On March 9, 1995, Robin Blencoe resigned as government services minister, while under investigation for sexual harassment; however, Blencoe remained a member of the cabinet as minister without portfolio. Charbonneau was appointed to the ministry in the interim. After two more allegations emerged, Blencoe was removed from cabinet entirely, as well as party caucus, on April 4. Six days later, on April 10, caucus chairman Ujjal Dosanjh was named the new minister of government services, joining the cabinet.

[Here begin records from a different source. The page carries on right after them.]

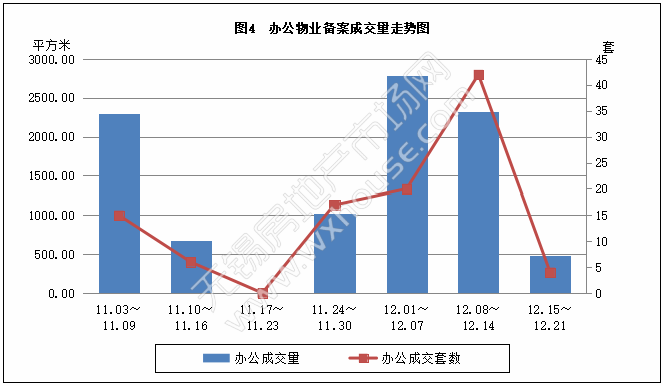 本周办公物业备案成交面积为0.05万平方米,环比减幅79.26%;备案成交套数为4套,环比减少38套。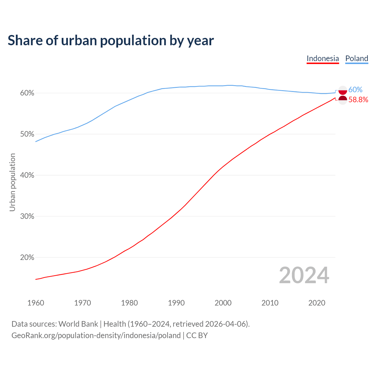 From 2004 to 2024, the share of urban population changed from 45.4% to 58.8% in Indonesia and from 61.7% to 60% in Poland.
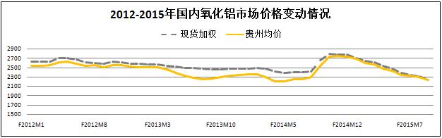 报告期内,国产氧化铝市场价格继续保持了下浮的基本趋势,其中现货加权报收2177元/吨,环比下降了2.75%,降幅较上期扩大1.09个百分点;贵州均价报收2116元/吨,环比下降了3.76%,降幅较上期扩大2.9个百分点。市场预期现阶段氧化铝市场价格正接近于波谷位置,预计2016年将会有不同程度的反弹。虽然今年以来我国氧化铝市场价格一路下行,但国内氧化铝工厂并未因此而普遍关停设备。数据显示,9月份全国氧化铝建成产能近6692万吨,运行产能近5748万吨,开工率近85.9%,环比上升0.2个百分点。产量方面,9月份国产氧化铝472.4万吨,环比下降2.72%。从供需平衡上看,9月份国产氧化铝有近7万吨的缺口,但整体供需仍然保持相对平衡。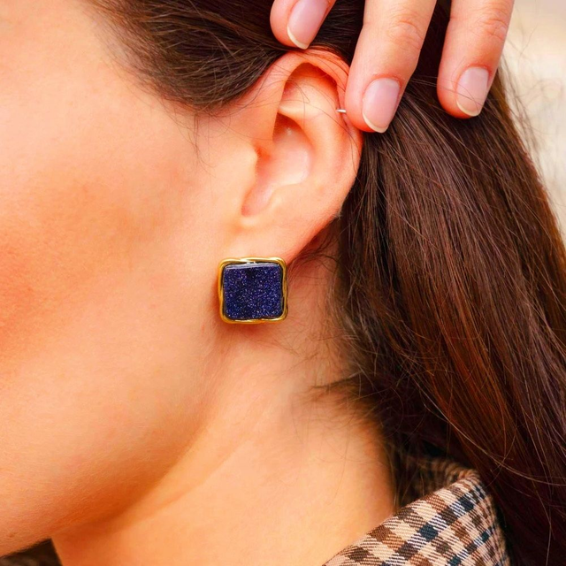 Boucles d'oreilles en acier carré texturé serti d'une pierre naturelle.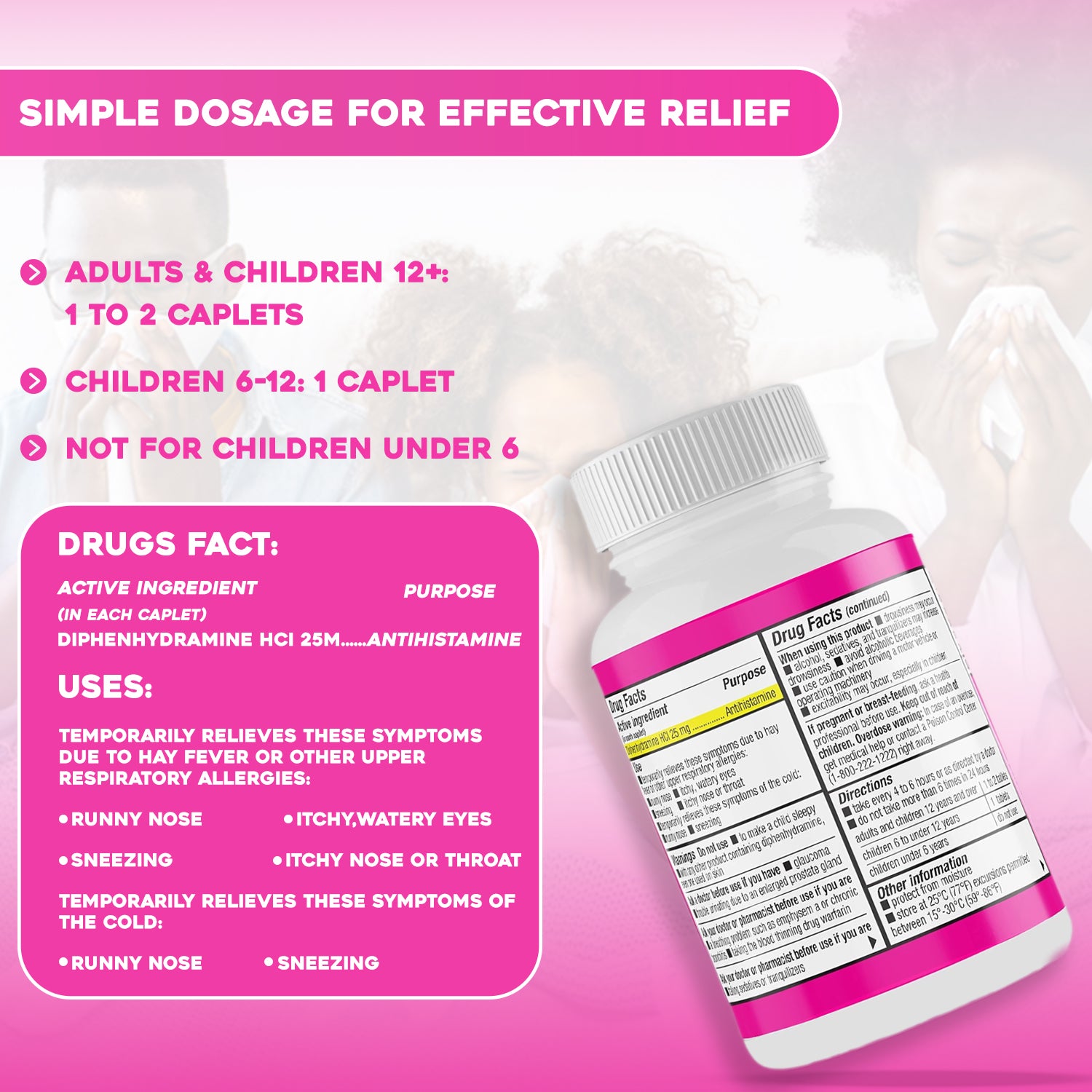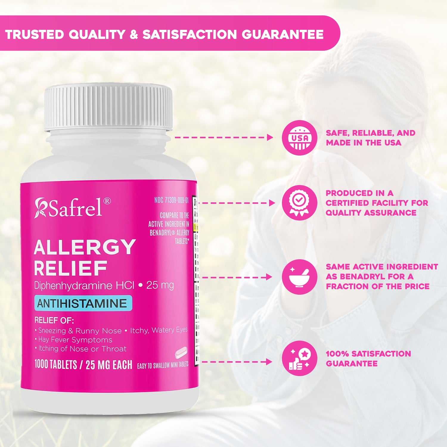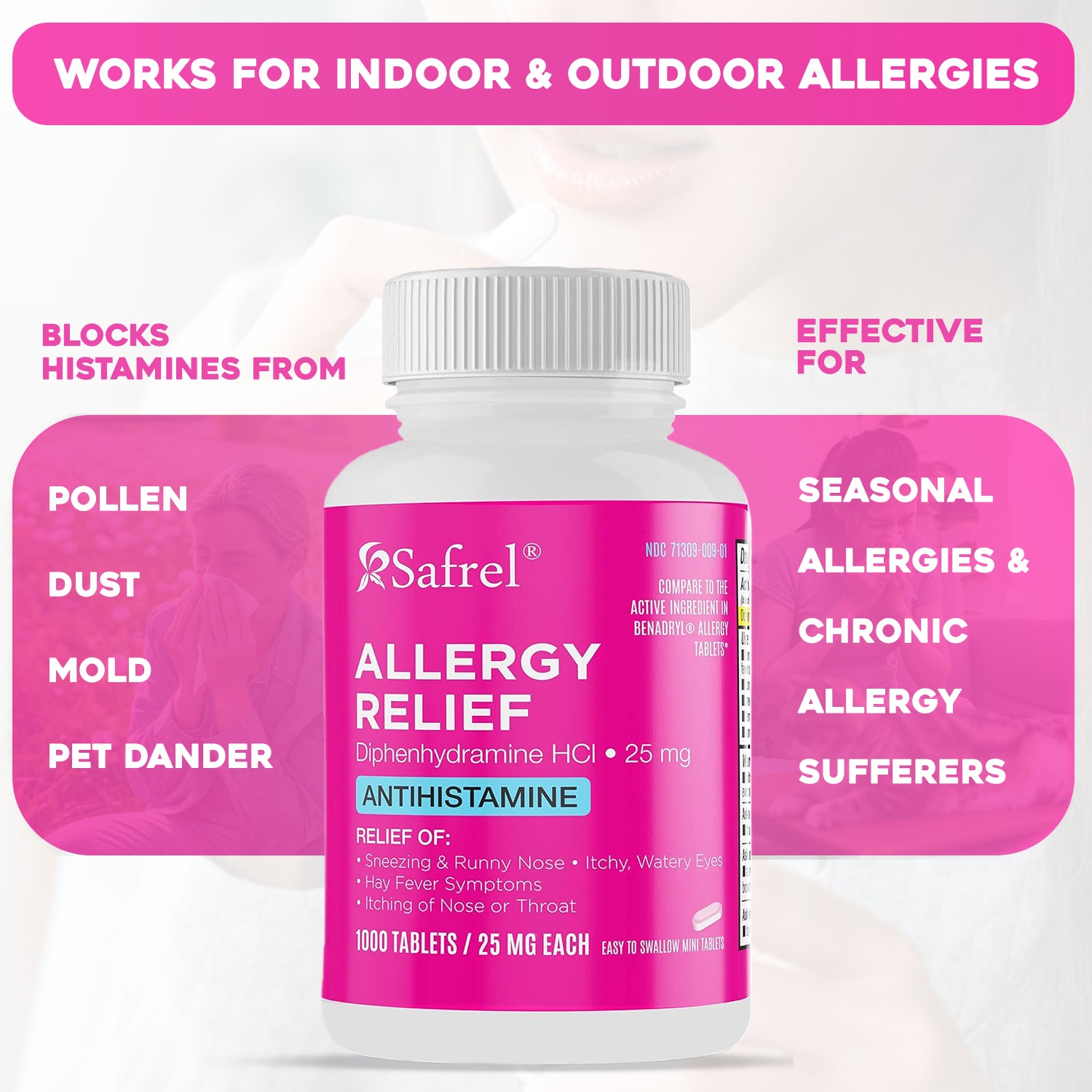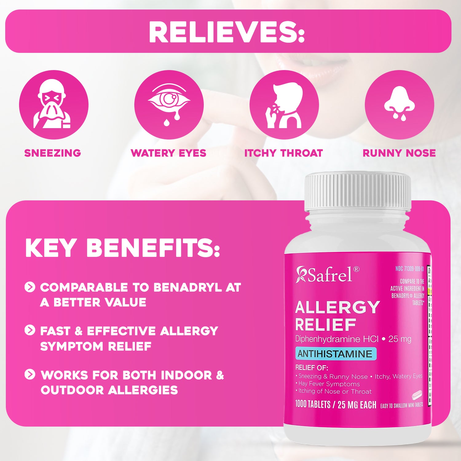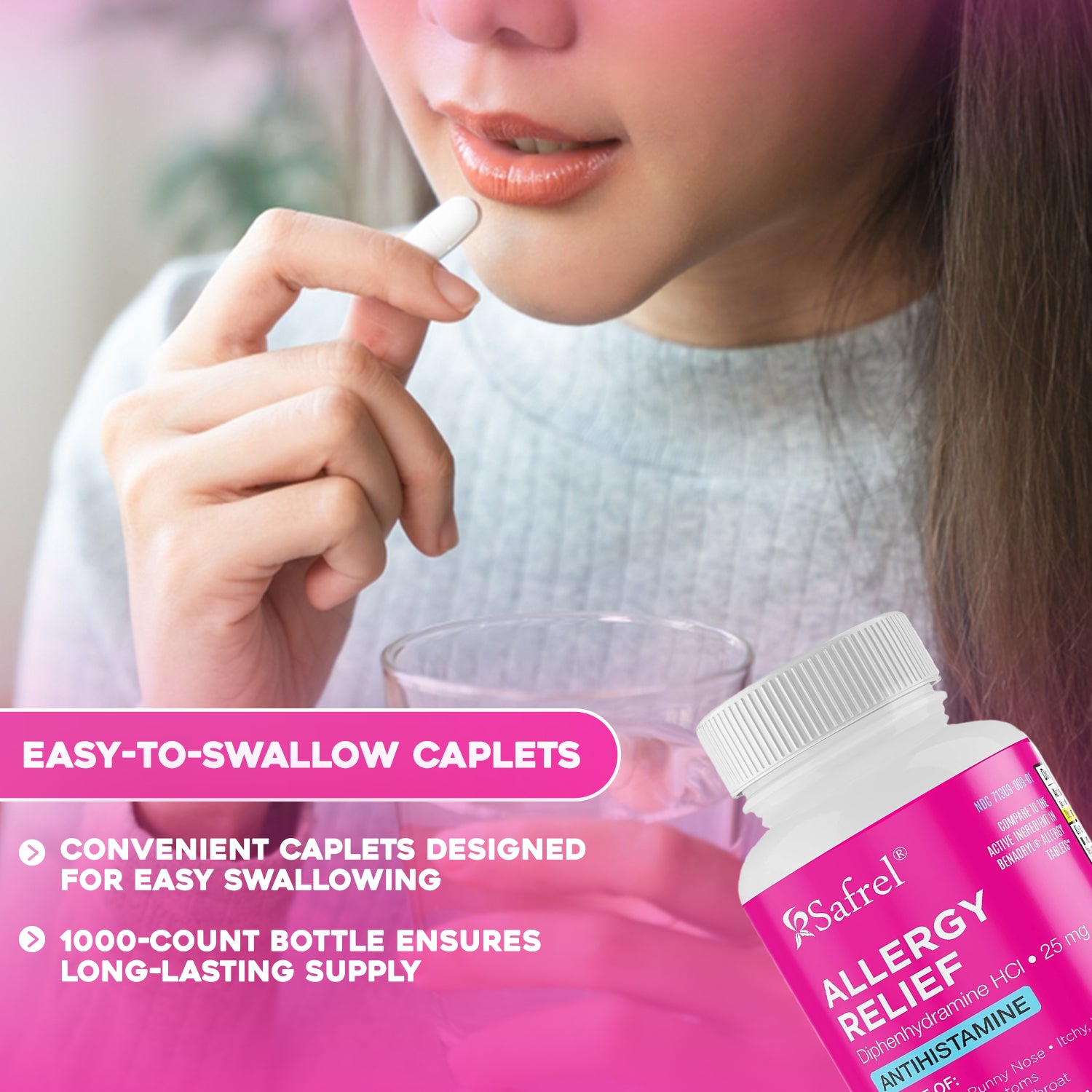 Safrel Allergy Relief Medication Diphenhydramine HCl Caplets 25 mg (1000 Count), Antihistamine Relieves Sneezing, Runny Nose, Hay Fever, Itchy Eyes and Throat, Seasonal Indoor & Outdoor Allergy Pills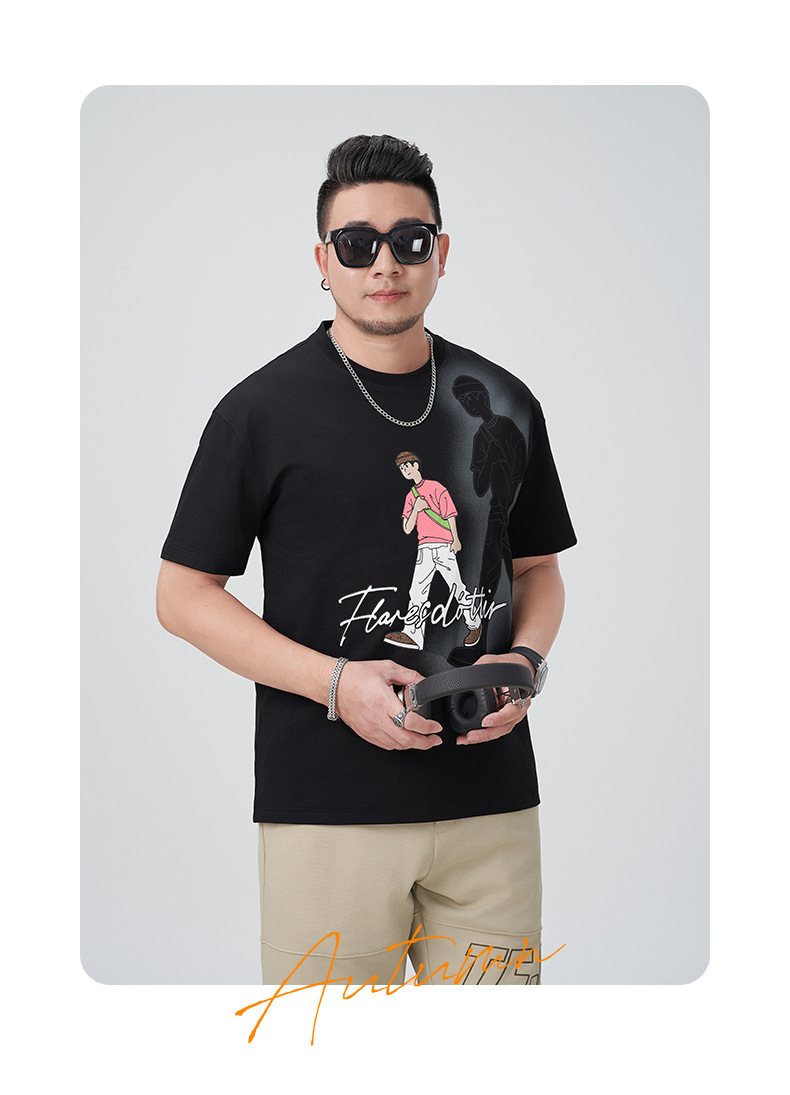 【DMH】大依优型大码男装圆领短袖T恤休闲宽松加肥加大潮流胖子上衣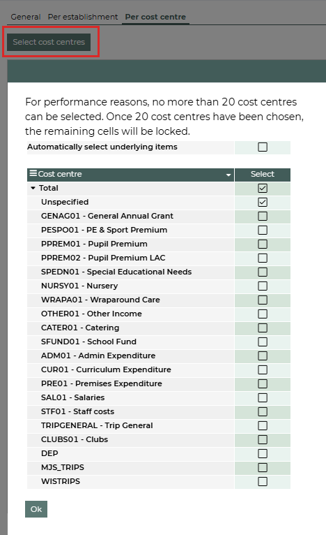 Click on Select cost centres to select the cost centres you want to display beside each other. You can select a maximum of 20 cost centres. Selecting more would affect the performance. For example:

On May 5, 1995, Sihota resigned from cabinet after being sanctioned by the BC Law Society; John Cashore stepped in as acting environment minister. A week later, Sihota's responsibilities were formally divided up among existing cabinet ministers: Cull took over as environment minister, Dosanjh took responsibility for multiculturalism and human rights, and Clark took responsibility for immigration policy. Regarding the division, Cull said she didn't "expect to carry two portfolios for an indefinite period of time." Three months later, on August 16, Sihota returned to cabinet as environment minister, though Dosanjh remained responsible for multiculturalism. Sihota's return was part of a small shuffle that also saw Colin Gabelmann and Dosanjh swap roles, with Gabelmann becoming minister of government services and Dosanjh becoming attorney general.

On October 26, 1995, Harcourt fired Joan Smallwood over her criticisms of his handling of the Bingogate scandal; she was succeeded as minister of consumer affairs by Sue Hammell.